Creating the pipeline

This pipeline uses a manual trigger only. There is no meaningful auto-trigger here because the pipeline needs a group of files (all lengths for one die and width), not a single file. The function is registered server-side, so re-running the fit for a new wafer does not require anyone to re-upload or re-configure the analysis. Grouping happens in the trigger loop below, where we pass a list of file IDs per group.

p = gfhub.Pipeline()

p.trigger = nodes.on_manual_trigger()
p.load_file = nodes.load()
p.load_tags = nodes.load_tags()
p += p.trigger >> p.load_file
p += p.trigger >> p.load_tags

p.propagation_loss = nodes.function(function="propagation_loss_from_cutback_spirals")
p += p.load_file >> p.propagation_loss[0]
p += p.load_tags >> p.propagation_loss[1]

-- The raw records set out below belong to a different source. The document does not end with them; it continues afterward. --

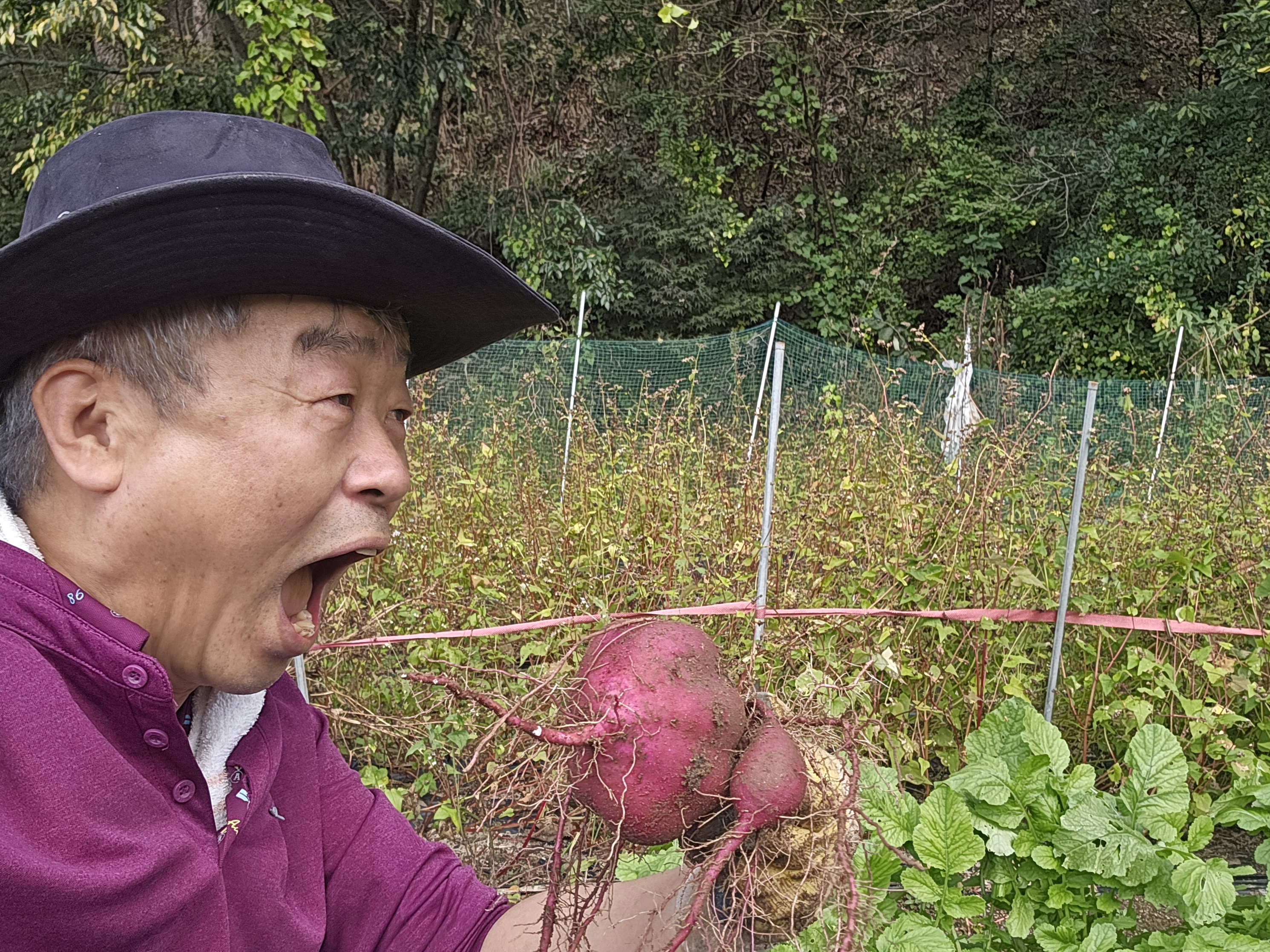 나머지 남은 고구마 순을 거두고, 내친 김에 오전에 조금 남은 두 골 고구마를 캤다.
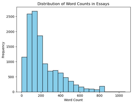 Furthermore, Figure 2 provides a visual representation of the distribution of essay word count, highlighting the diversity in the lengths of the essays. An essay might include as few as two or as many as 1204 words.
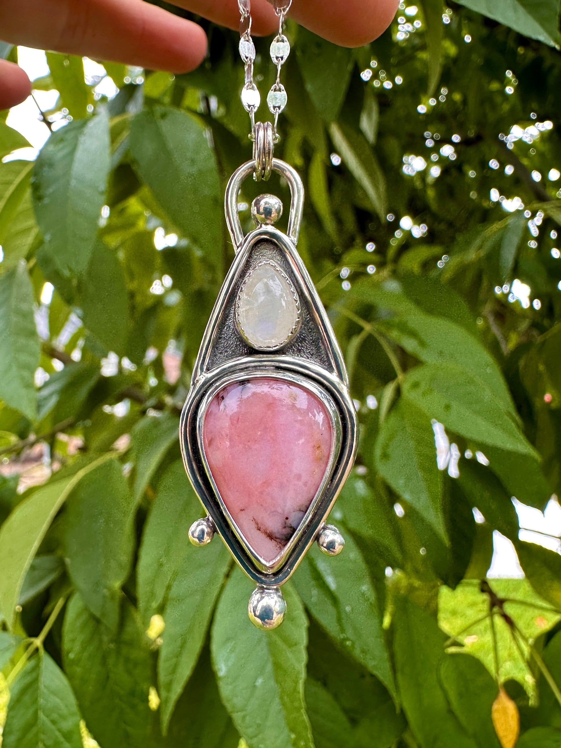 Cascade talisman | Rainbow moonstone & pink dendritic opal #1
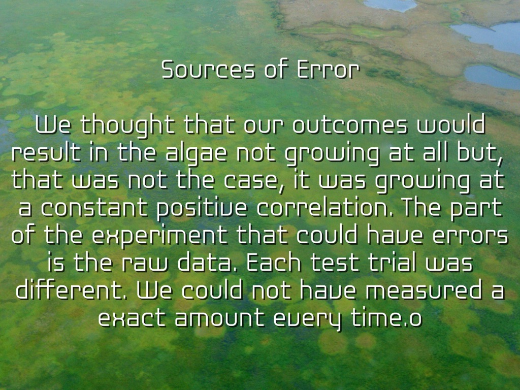 We thought that our outcomes would result in the algae not growing at all but, that was not the case, it was growing at a constant positive correlation. The part of the experiment that could have errors is the raw data. Each test trial was different. We could not have measured a exact amount every time.o
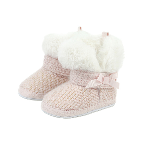 Пинетки Pasito текстильные с белым мехом вязаные розовые
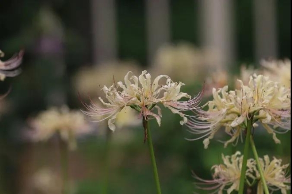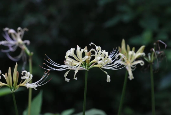 江苏石蒜花白色,花瓣强度皱缩反卷,背面有绿色中肋,其自然花期相对较晚,一般在九月开放。
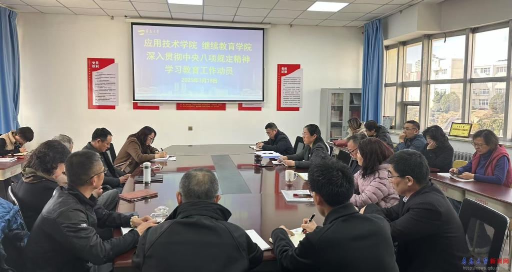 新闻网讯 3月18日,应用技术学院、继续教育学院在金家岭校区东院行正楼310会议室召开全面从严治党暨深入贯彻中央八项规定精神学习教育工作会,传达学校全面从严治党暨党的建设工作领导小组(扩大)会议精神,部署安排学院开展深入贯彻中央八项规定精神学习教育相关工作。学院党委书记张燕主持会议并讲话。
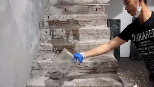 Настала очередь Вьетнама. Облицовка лестницы гранитом по-вьетнамски. Хорошая техника исполнения, но очень скользкая поверхность
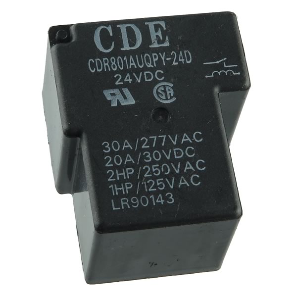 24VDC SPST (1 Form A) Relay with high switching capacity. Rated 30A/277VAC; 20A/30VDC; 2HP/250VAC; 1HP/125VAC. Coil resistance measures 640 Ohm. Size is approximately 1.256" long x 1.06" wide x 0.795" tall. Fully enclosed type. Has 4 PCB pin terminals. CDE Part# CDR801AUQPY-24D.
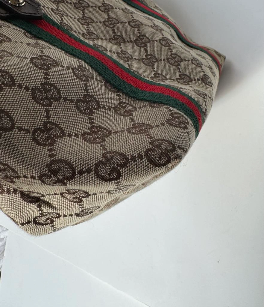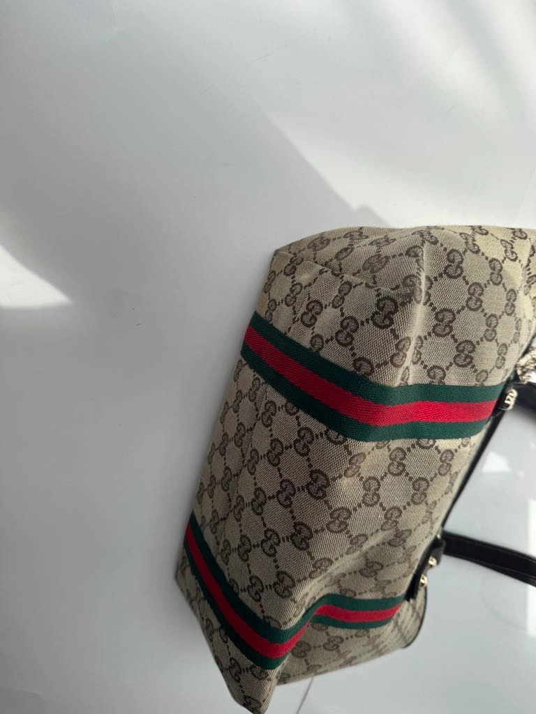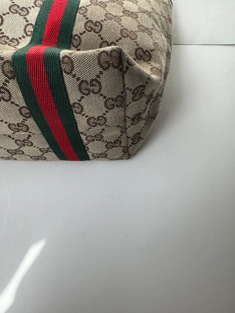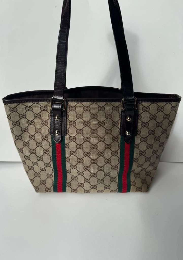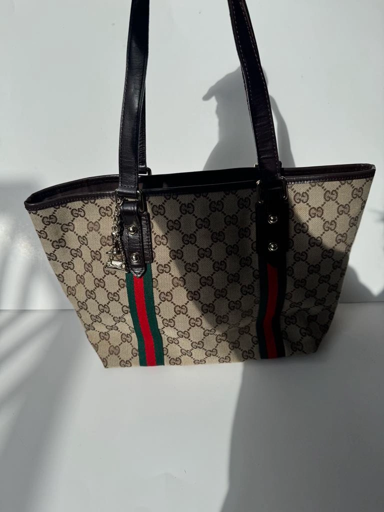 This is a classic Gucci GG Canvas tote bag with brown leather handles, green and red web stripe detail and a gold charm. It features a top zipper closure and an interior pocket. The bag is in good condition and comes with no dust bag.
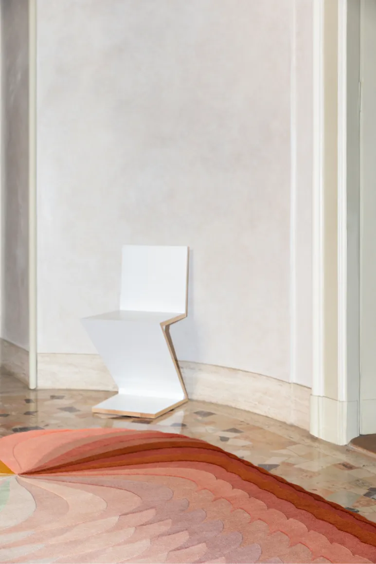 A digital drawing which allows every rug to display an evolution of the different wools, sometimes unexpectedly, placed side by side, outlining multiple chromatic associations. A visual exercise aimed to transform the intangible idea of shade and hue into a finely produced and sophisticated product.
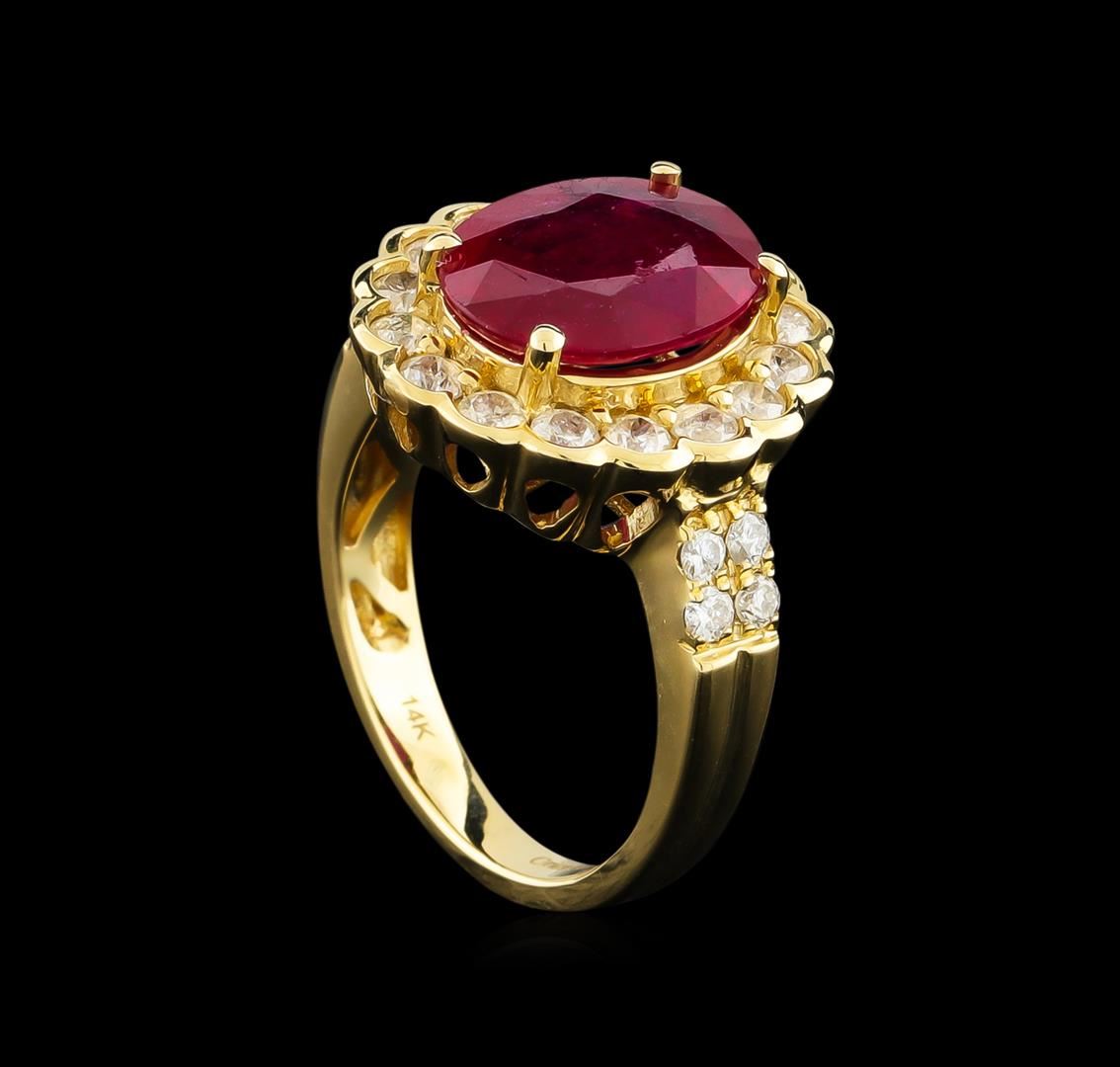 One electronically tested 14KT yellow gold ladies combination cast & assembled ruby and diamond ring with a flat shank with a bright polish finish. Identified with markings of "14K". Condition is new. Containing: One prong set oval modified brilliant cut natural ruby, measuring 11.88 x 9.27 x 3.80mm, approximate weight of 3.44ct., clarity is heavily included, type II, medium, moderately strong, strongly purplish red color, (GIA stpR 5/4), cut is good. Twenty-Four prong set round brilliant cut diamonds, measuring 2.00 - 1.50 x 1.05mm (depth est.) approximate total weight of 24 Stones = 0.47ct. Clarity: I-1 to I-2. Color: I - J, Cut is Good. Colored gemstones are presumed to have been subjected to commonly used enhancement processes. All diamonds and colored gemstones are graded in the mounting, unless otherwise stated. Total Weight of Colored Stones 3.44ct. Total Weight of Diamonds 0.47ct. Total Weight of Ring 6.90 grams. GGL Appraised.

p.common_tags = nodes.function(function="find_common_tags")
p += p.load_tags >> p.common_tags

p.save_plot = nodes.save()
p.save_json = nodes.save()
p += p.propagation_loss[0] >> p.save_plot[0]
p += p.common_tags >> p.save_plot[1]
p += p.propagation_loss[1] >> p.save_json[0]
p += p.common_tags >> p.save_json[1]

confirmation = client.add_pipeline(name="spiral_propagation_loss", schema=p)
print(f"Pipeline ready: {client.pipeline_url(confirmation['id'])}")
Pipeline ready: https://api.dev.gdsfactory.com/pipelines/019df3c3-359a-7532-9703-0bc913a30bd1

Trigger per (die, waveguide type, width) group

We group the device analysis JSONs by all three dimensions at once. Grouping by (die, waveguide_type, width_nm) works because all three were set as tags at upload time. Without tags, assembling the right files for each fit group would require parsing filenames or querying a separate database. Each group has six files (one per spiral length), and each group gets its own pipeline job.

analysis_files = client.query_files(
    name="*_analysis.json",
    tags=["project:tutorial_spirals", user],
).groupby("die", "waveguide_type", "width_nm")

print(f"Found {len(analysis_files)} (die, type, width) groups")

job_ids = []
for group_key, files in tqdm(analysis_files.items()):
    input_ids = [f["id"] for f in files]
    triggered = client.trigger_pipeline("spiral_propagation_loss", input_ids)
    job_ids.extend(triggered["job_ids"])

print(f"Triggered {len(job_ids)} die analysis jobs")
Found 24 (die, type, width) groups



  0%|          | 0/24 [00:00<?, ?it/s]


Triggered 24 die analysis jobs
jobs = client.wait_for_jobs(job_ids)
print(f"All jobs complete. Statuses: {set(j['status'] for j in jobs)}")
  0%|          | 0/24 [00:00<?, ?it/s]


All jobs complete. Statuses: {'success'}

View a sample result

die_plots = client.query_files(name="propagation_loss_*.png", tags=["project:tutorial_spirals", user])
print(f"Found {len(die_plots)} propagation loss plots")

if die_plots:
    img = Image.open(client.download_file(die_plots[0]["id"]))
    display(img.resize((530, 400)))
Found 24 propagation loss plots

png

What's next?

Each (die, waveguide type, width) combination now has a JSON with the fitted propagation loss in dB/cm and the die coordinates. Notebooks 5 and 6 aggregate these into spatial wafer maps — notebook 5 for rib waveguides, notebook 6 for ridge waveguides — so you can see whether loss is uniform across the wafer or shows a systematic gradient.